Reflecting on trips to destinations as diverse as a synagogue in Morocco and meetings with local young leaders in Belarus and throughout the region, Marcia said she’s been struck by how warmly JDC supporters and staff are received by local Jewish communities across the globe.

“These communities are often small, but there’s joy and happiness every time we go. Our trips, I hope, light a fire for them and show them we care,” she said. “You can go to Board meetings and read reports, but when you see that reaction
from people who know how JDC has changed their lives, it’s so impactful.”

The Second Century Campaign (SCC) is so important because JDC must have the resources it needs to respond nimbly for generations to come, the couple said.

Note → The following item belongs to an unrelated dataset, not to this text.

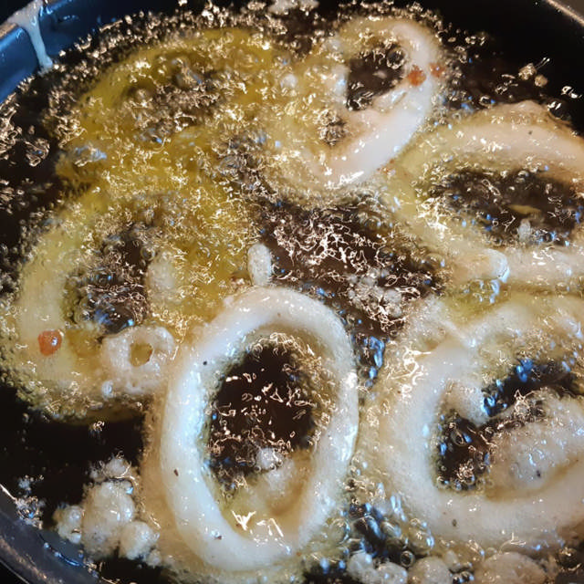 Olien skal være godt varm, men må ikke ryge, så vi skal i gang. (hvis du har et digitalt termometer, så er 165-175 grader på olien perfekt, når du begynder at lægge blæksprutteringene / stykkerne ned i panden)

“I don’t want to see us fade away after 100 years,” Marcia said. “JDC has a great track record, and I have faith they will continue to do the good work that they have done.”

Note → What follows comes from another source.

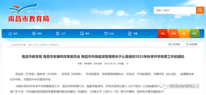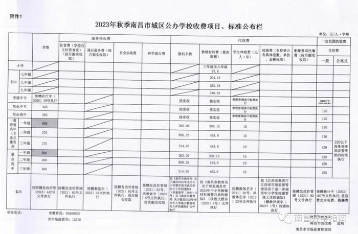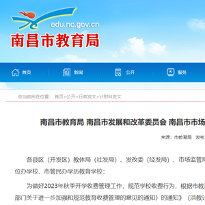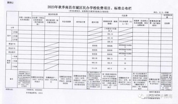 另据江西发布了解,南昌市公布了2023年秋季城区公办、民办学校收费项目、标准,具体如下: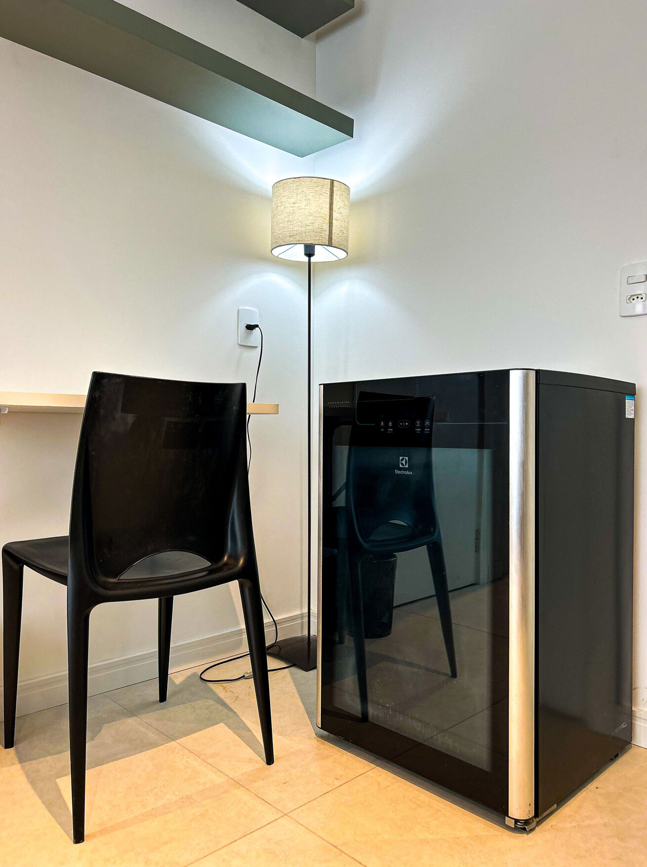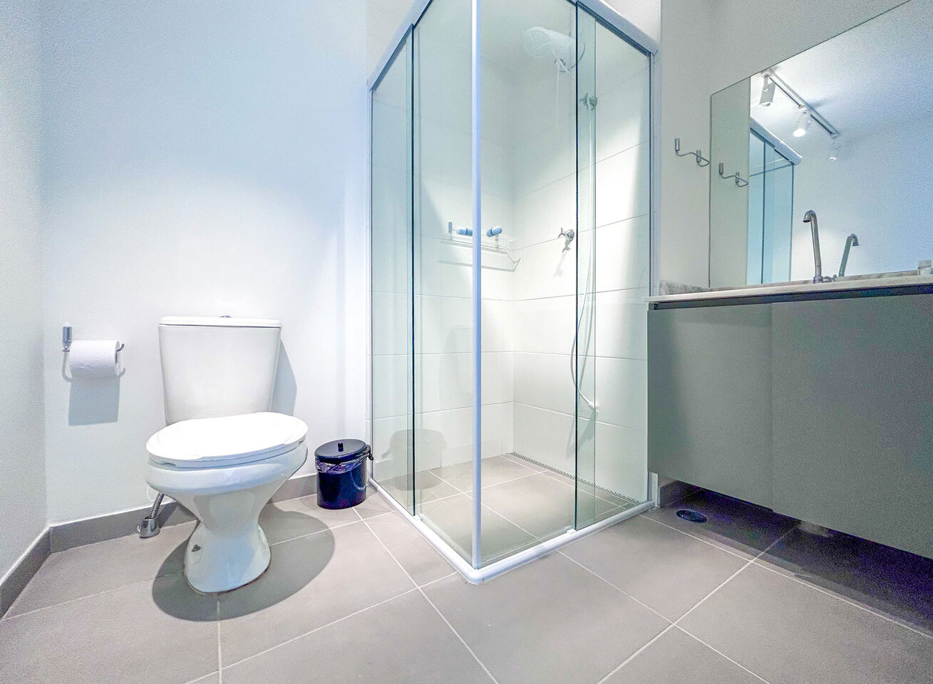 - O banheiro possui chuveiro elétrico, box de vidro/acrílico e secador de cabelo

“JDC doesn’t onlychange other people’s lives.It changed ours, too.”.

Her husband noted that many nonprofits can fundraise from a wide range of American society, but Jewish organizations must depend on the support of a small but generous minority.

“For JDC, if we want to have one of the finest nonprofits in the humanitarian space that works globally on behalf of Jews and others, we have to build a robust endowment,” he said. “It’s even more incumbent on us to ensure that this organization that speaks to our values and our family’s 125-year trip through our grandparents being refugees, years of economic deprivation, and then building a better life will be there for the rest of the Jewish world when they do the same.”

Ultimately, Alan said, supporting JDC feels like a natural part of a life built on service to the Jewish community.

“We’ve worked for overseas causes of the Jewish people for decades through our federation involvement, and we feel like honoring our lifelong commitment to philanthropy by establishing a legacy endowment to JDC is the right message for our family and community,” he said. “JDC doesn’t only change other people’s lives. It changed ours, too.”